View Issue Details
|ID||Project||Category||View Status||Date Submitted||Last Update|
|0006300||The Dark Mod||Coding||public||16.06.2023 19:05||14.11.2023 15:04|
|Product Version||TDM 2.11|
|Target Version||TDM 2.12|
|Summary||0006300: Refactor idImage code for CPU-resident textures|
|Description||Several major things happened in idImage since Doom 3:|
* framebuffers have their attachments as idImage-s
* some parts of engine use CPU-resident images
* image programs can use compressed images
* multithreading is real now
There is a particular concern with CPU-resident images, since the old code does not support flexible usage.
The loading part simply runs from start to end, there is no way to change anything after loading is over, especially if multithreading is involved.
idImage should be refactored with two goals:
1) The images which are readonly and loaded/reloaded from some source (e.g. file) should be separated from scratch images (e.g. FBO attachments).
2) Reloadable images should store data in several ways: GPU texture, CPU uncompressed data, CPU compressed data.

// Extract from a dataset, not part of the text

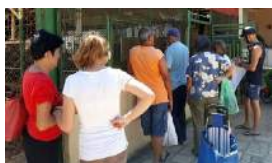
EL FANTASMA DEL PERÍODO ESPECIAL AMENAZA A CUBA

Depending on residency changes, it should be easy to get CPU representations from each other and upload to GPU. Note that image can be compressed/uncompressed on GPU, and it can be compressed/uncompressed in source file, but the system should support all the cases.
|Additional Information||Original thread:|
|Tags||No tags attached.|
First I decided to fill the holes in texture compression, i.e. implement software code for compression into DXT1/3/5 formats.
After that we'll have C++ code for converting images between compressed and uncompressed representations in all cases.
As usual, I started with some cleanup:
r10402 Deleted unused image formats from functions used in image reporting.
r10403 Deleted support for invalid/generic internal image formats.
r10404 Supported GL_RGBA16F and two depth/stencil internal formats in idImage::Print.
r10405 Shuffled internal formats around, moved BitsForInternalFormat code closer to idImage::Print.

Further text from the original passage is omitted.